Le samedi 10 février, je rentrais d’une semaine de vacances et me rendais avec joie à la Maison de la Poésie où se tenait une seconde soirée consacrée au Dossier M, cette fois-ci au Livre 2. Grégoire Bouillier m’avait prévenu que cette soirée allait sans doute être exceptionnelle car le comédien Laurent Poitrenaux, débordé par son enthousiasme pour le livre, proposa une lecture sous forme de tentative d’épuisement : lire toute la nuit, jusqu’au petit matin, Le Dossier M. Sacré programme. À 20 heures et quelques minutes de retard commença la soirée : Grégoire Bouillier avait préparé un texte d’introduction à la soirée, de présentation de son livre, encourageant les spectateurs (nous étions environ 150 au début de la soirée) à les suivre jusqu’au bout. Les deux premières heures furent consacrées à un condensé du Livre 1.

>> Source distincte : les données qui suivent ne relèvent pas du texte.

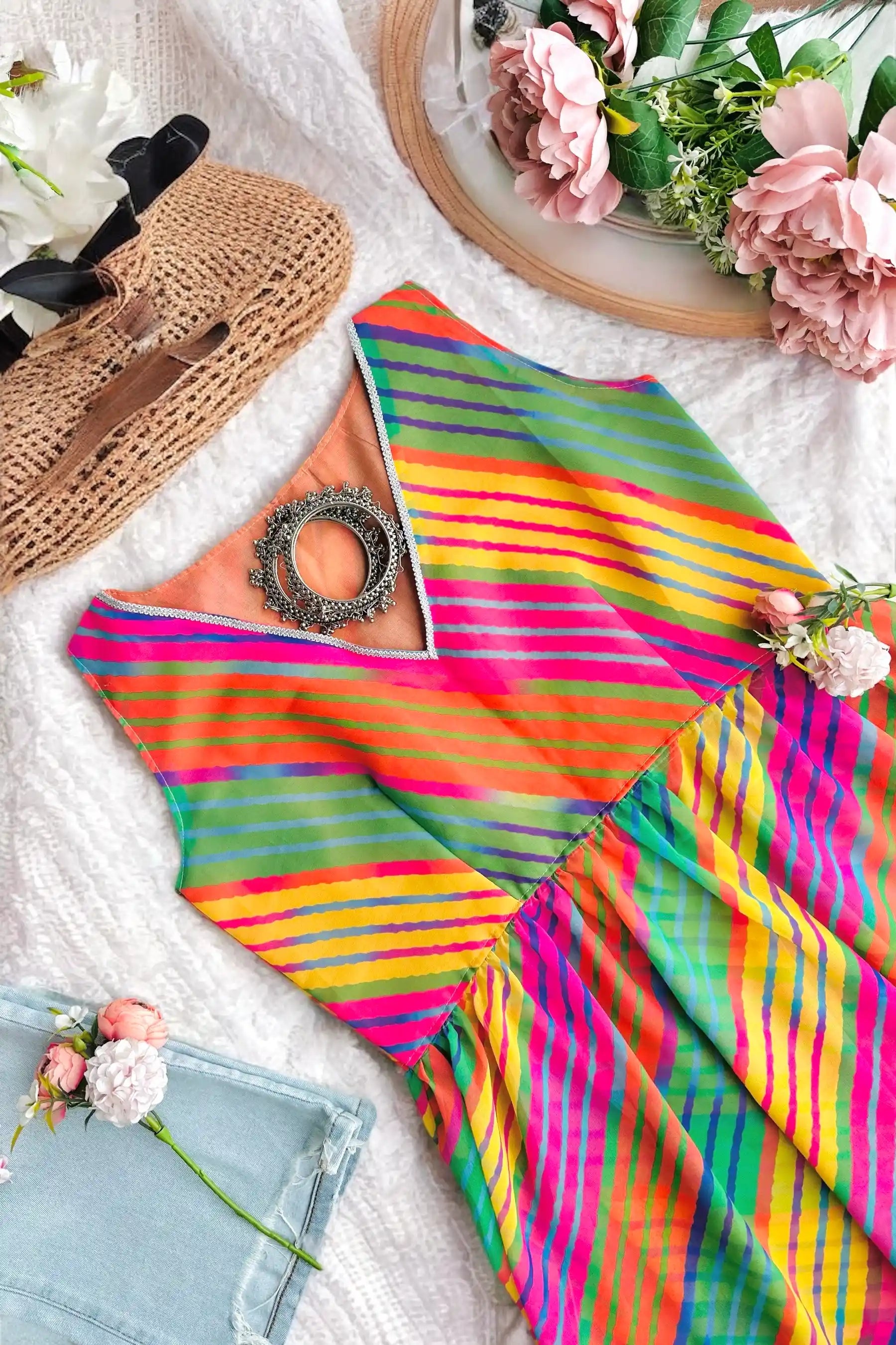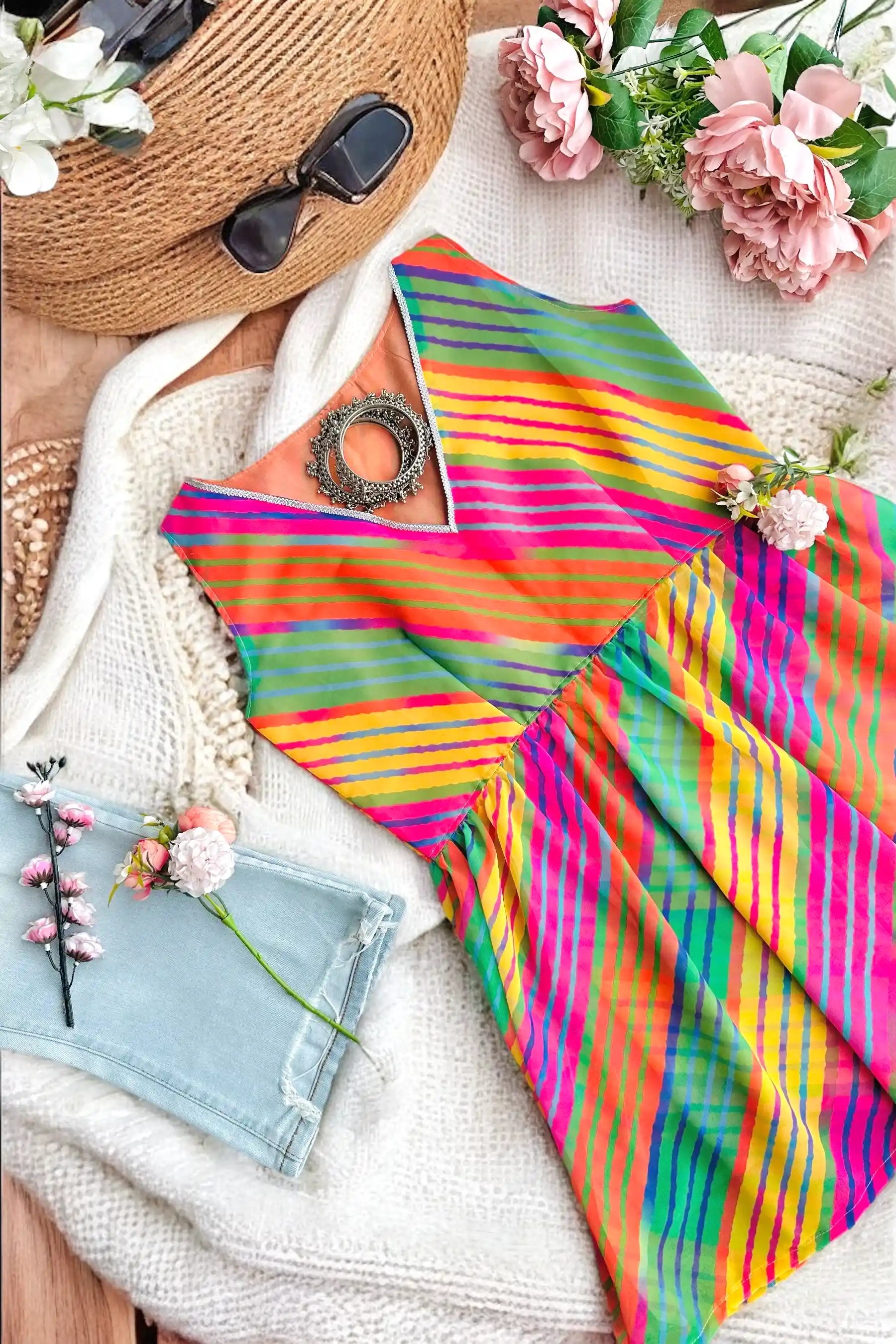 Step into the season with vibrant charm in our Blush Lehriya Gulnaz Peplum. Designed with playful multicolored diagonal stripes, this sleeveless piece is a burst of joy and energy, perfect for festive days or casual outings. Its flattering V-neckline and breezy silhouette bring effortless comfort while making sure you stand out in style. Pair it with denim, leggings, or statement jewelry for a chic, lively look.
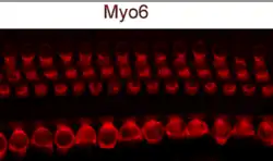 Las células laterales (outer hair cells OHD) están organizadas en tres filas, a lo largo de toda la cóclea.[8] [9]

France Culture a fait une captation de ces deux premières heures (en faisant un montage et y ajoutant de la musique) :
Première partie :
Deuxième partie :
Au bout d’à peine une demie heure de lecture, alors que Laurent Poitrenaux lisait le passage décrivant le suicide de Julien (je vous ai dit précédemment à quel point ces pages sont drôles autant que sinistres) et qu’une grande partie de la salle riait à gorge déployée, une femme dans les premiers rangs s’est levée et a interrompu la lecture, s’adressant ainsi au public : « Oui, je m’en vais. Je m’en vais parce que vous riez et votre rire m’est insupportable. J’ai lu ce livre, je l’ai beaucoup aimé, mais jamais il ne m’a fait rire », jetant alors un froid incroyable dans la salle, un malaise s’installant alors pour au moins trente minutes. Cette intervention a été pour le moins troublante et fut l’un des grands sujets de discussion entre spectateurs durant le premier entracte. Qui était-elle ? Quel drame avait-elle vécu ? Pourquoi ce texte dont tout le monde s’accorde à dire qu’il est hilarant ne la fait-il pas rire ? Ou bien encore faisait-elle partie de la mise en scène ? Nous ne le saurons jamais.
À partir de 22h30 environ démarra la lecture du Livre 2, d’extraits choisis bien sûr, vu qu’il était impossible de lire le livre en intégralité en si peu de temps. Laurent Poitrenaux seul en scène, Grégoire Bouillier perché au balcon jouant le rôle de régisseur son et lumière, lançant ici une musique, là une vidéo ou un diaporama illustrant les propos du livre. La lecture se déroula ainsi jusqu’à 7 heures du matin passées. Nous étions alors une quinzaine à sortir ébouriffés et étourdis de cette nuit incroyable. Jamais je n’avais imaginé que je pourrais tenir une nuit complète assis dans une salle à écouter une lecture sans sombrer, tomber de fatigue, perdre mon attention. Ce fut pourtant le cas. Les entractes réguliers et les nombreux cafés ingurgités furent bien sûr d’une grande aide, mais tout de même : quelle lecture, quel comédien ! À y repenser, c’est l’un des moments de théâtre, de littérature, le plus fort que j’ai pu vivre.
Quelques semaines plus tard, Grégoire Bouillier m’appelait pour me proposer de venir jouer au poker chez lui, ce que je fis et, comment dire ? Vous êtes déjà allé dans un lieu décrit dans un livre que vous avez lu ? Je veux dire dans l’appartement d’un auteur ? Je veux dire dans l’appartement dans lequel l’auteur a vécu certaines scènes très fortes qu’il a racontées dans son livre ? Je veux dire dans la cuisine, dans la chambre, dans les TOILETTES, de cet auteur ? Et bien figurez-vous que c’était plus petit que l’image que je m’en étais faite. Et, accessoirement, j’ai perdu deux fois de suite.